The operators suspect that the product may have come in through the borders from Niger Republic, in spite of efforts to beef up security across the borders. The contaminated product is said to contain about 55 per cent propane and 45per cent butane.

In an interview with Vanguard, the Chairman, LPG Group, Lagos Chamber of Commerce and Industry, Mr. BamboAdemiluyi, said the 55 per cent propane content was very high.

“LPG is a type of petroleum gas that contains propane and butane. In Nigeria, what is acceptable is 20 per cent propane and 80 per cent Butane. Butane is stored at much lower pressure than propane, propane has higher pressure.

“But what is coming into the country from Niger, has 55per cent propane and45per cent butane and most of our cylinders cannot store propane for a long time including some of the tanks used in the plants cannot store propane.”

He maintained that such LPG specification, if exposed to very hot environmental conditions, could result in complications that might lead to explosion, adding that just one truck of LPG that contains high level of propane is enough trouble.
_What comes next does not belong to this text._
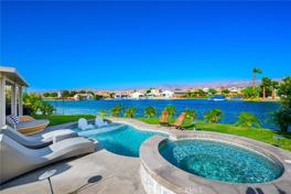 Lake Front Home!Terra Lago Lake One Story Detached Pool/Spa Home by Woodside, Former Model. Featuring 4 bedroom, 3 beautifully updated baths with East Facing Leisure view of Lake, Mountains and Terra Lago's Signature bridge. Updated Chef's Kitchen with center island, quartz counter tops, Newer Stainless Steel appliances, Fridge Included. Spacious Great room, dining area. The primary bedroom offers Lake, Mountain view! Walk in closet, the large ensuite primary bath offers updated vanity with dual sink, separate tub and shower. 3 Guest Bedrooms all with walk in closets. Built in speakers. Sep outside to the private large entertainers back yard with grass area, salt water pool & spa, Recent upgrades include newer laminated flooring and paint throughout, Solar, tankless water heater, newer AC System! Aluma wood patio cover with misters. Great Location, walk to Clubhouse, easy access to Avenue 43 gate for shopping, dining, entertainment, nearby New Acrisure Arena for awesome concert events, Ice Hockey and more! Terra Lago allows Short Term Rentals. Resort Style Living At Its BEST!!!

He urged the federal government to find a way to stop the importation of the contaminated LPG into the country, adding that if the product must be brought in, “government has to find a place very close to the border to have this gas blended to the right proportions before they are brought into the country.”

Ademiluyi admitted that just a small quantity of high propane LPG is entering into the country. “They come in trucks but one truck is enough trouble.

“That is why we have to discourage the importation of the product from Niger Republic, and raise the alarm over it for the safety of Nigerians. People who are importing this product should know that the industry is aware of their illegal acts.”